Florida Senate President Wilton Simpson now says he will support constitutional, or permit-less carry. He is previously known for championing the Marjory Stoneman Douglas High School Public Safety Act in the wake of the 2018 massacre of 17 students and teachers there. He has also claimed in previous campaign literature that he wrote the bill.

He is currently running for commissioner of the state Department of Agriculture and Consumer Services, which oversees the concealed weapons permit program.

Mr. Simpson and his legislative aide did not respond to questions made through emails and phone calls requesting comment as to why he changed his mind about permit-less carry, whether it was due to his candidacy, and to address Rep. Sabatini’s claim that Republican leadership changed their mind about permit-less carry due to fear of the governor.

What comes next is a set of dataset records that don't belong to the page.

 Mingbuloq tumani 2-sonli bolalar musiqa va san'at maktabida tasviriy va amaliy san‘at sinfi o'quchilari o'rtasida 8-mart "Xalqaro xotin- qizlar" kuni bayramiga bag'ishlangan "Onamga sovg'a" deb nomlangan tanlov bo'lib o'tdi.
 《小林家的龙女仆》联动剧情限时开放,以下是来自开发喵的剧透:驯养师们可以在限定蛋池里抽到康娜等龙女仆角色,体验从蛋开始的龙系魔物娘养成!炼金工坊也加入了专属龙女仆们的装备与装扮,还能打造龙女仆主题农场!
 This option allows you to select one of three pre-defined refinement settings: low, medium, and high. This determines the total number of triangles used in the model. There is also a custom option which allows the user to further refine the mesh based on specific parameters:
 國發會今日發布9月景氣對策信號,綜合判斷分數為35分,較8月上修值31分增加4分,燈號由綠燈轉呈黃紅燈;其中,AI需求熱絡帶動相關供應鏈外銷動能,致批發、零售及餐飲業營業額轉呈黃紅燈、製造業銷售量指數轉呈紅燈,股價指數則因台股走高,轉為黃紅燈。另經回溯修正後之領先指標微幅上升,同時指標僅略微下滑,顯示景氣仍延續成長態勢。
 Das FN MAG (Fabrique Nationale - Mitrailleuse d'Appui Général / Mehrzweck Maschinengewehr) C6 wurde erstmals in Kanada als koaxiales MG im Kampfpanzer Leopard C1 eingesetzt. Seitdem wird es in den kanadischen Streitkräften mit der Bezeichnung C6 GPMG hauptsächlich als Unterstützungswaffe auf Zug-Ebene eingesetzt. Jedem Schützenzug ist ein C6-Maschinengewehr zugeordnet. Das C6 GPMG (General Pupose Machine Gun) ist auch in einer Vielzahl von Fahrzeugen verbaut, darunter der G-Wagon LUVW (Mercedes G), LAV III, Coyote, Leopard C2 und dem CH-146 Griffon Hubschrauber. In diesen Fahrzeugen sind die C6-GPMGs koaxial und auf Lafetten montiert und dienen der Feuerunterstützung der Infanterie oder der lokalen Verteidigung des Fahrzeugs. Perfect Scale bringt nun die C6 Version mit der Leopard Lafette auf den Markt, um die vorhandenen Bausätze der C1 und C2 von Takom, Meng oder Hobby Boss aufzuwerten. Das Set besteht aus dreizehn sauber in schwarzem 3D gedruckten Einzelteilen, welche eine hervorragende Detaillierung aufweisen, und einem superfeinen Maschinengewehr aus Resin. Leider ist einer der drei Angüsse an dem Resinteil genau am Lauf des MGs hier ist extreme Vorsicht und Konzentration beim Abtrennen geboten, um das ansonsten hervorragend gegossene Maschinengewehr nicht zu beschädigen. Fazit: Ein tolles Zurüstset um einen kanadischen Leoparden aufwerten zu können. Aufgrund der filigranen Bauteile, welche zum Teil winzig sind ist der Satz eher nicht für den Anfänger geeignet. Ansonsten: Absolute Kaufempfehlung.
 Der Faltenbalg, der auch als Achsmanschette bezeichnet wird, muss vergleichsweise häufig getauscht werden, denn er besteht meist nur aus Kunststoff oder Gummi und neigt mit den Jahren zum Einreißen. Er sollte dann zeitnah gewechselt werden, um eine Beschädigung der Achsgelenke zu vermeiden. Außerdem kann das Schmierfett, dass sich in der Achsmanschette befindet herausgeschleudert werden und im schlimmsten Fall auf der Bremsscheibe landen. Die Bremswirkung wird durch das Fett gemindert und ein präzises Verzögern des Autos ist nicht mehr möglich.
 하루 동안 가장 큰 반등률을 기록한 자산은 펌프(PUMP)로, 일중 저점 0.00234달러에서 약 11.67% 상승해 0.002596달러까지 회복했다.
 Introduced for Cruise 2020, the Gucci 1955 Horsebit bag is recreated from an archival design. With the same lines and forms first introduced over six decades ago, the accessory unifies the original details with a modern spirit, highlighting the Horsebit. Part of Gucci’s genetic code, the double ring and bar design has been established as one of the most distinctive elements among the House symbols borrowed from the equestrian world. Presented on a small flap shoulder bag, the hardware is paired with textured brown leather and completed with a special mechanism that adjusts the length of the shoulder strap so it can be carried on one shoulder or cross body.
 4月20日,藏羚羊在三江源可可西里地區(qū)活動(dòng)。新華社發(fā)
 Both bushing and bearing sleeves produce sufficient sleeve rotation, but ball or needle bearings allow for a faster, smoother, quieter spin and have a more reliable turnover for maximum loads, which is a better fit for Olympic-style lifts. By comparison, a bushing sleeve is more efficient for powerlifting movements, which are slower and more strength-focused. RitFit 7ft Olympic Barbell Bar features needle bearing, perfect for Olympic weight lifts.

Instead, Katherine Betta, his deputy chief of staff for communications, referred to a statement Sen. Simpson has provided to the media as far back as six months ago.

“President Simpson is unwavering in his support for the Second Amendment rights of law-abiding Floridians, as evidenced by his A rating from the NRA, which he has earned over a decade of service in the Senate by sponsoring and supporting legislation that protects our constitutional right to keep and bear arms.”

Rep. Sabatini had also proposed another bill, HB 6007, which would have allowed for carrying a weapon or firearm, openly or concealed, in a college campus or university facility. That bill also failed.

Rep. Sabatini said he had “a very good feeling” that the governor would call for addressing the permit-less carry issue in a special session. ¦

One response to “Might Florida allow “constitutional carry”?”

  1. Robert Boyles says:

    While I fully believe in open carry I still believe that background checks are needed to at the very least start to weed out the undesirables. Coming from Michigan where open carry is allowed the laws differ if you have a concealed permit. Also before getting a concealed permit WITH a background check a gun safety and proper use class should also be required at a cost to the permit applicants. I understand that we will then have people out there saying it is unfair to the poor population however they are the group with the most unlicensed guns and domestic violence with guns. So please Governor DeSantis, put forth a Constitutional Carry bill that will allow our 2nd Amendment rights as well the safety of your constituents.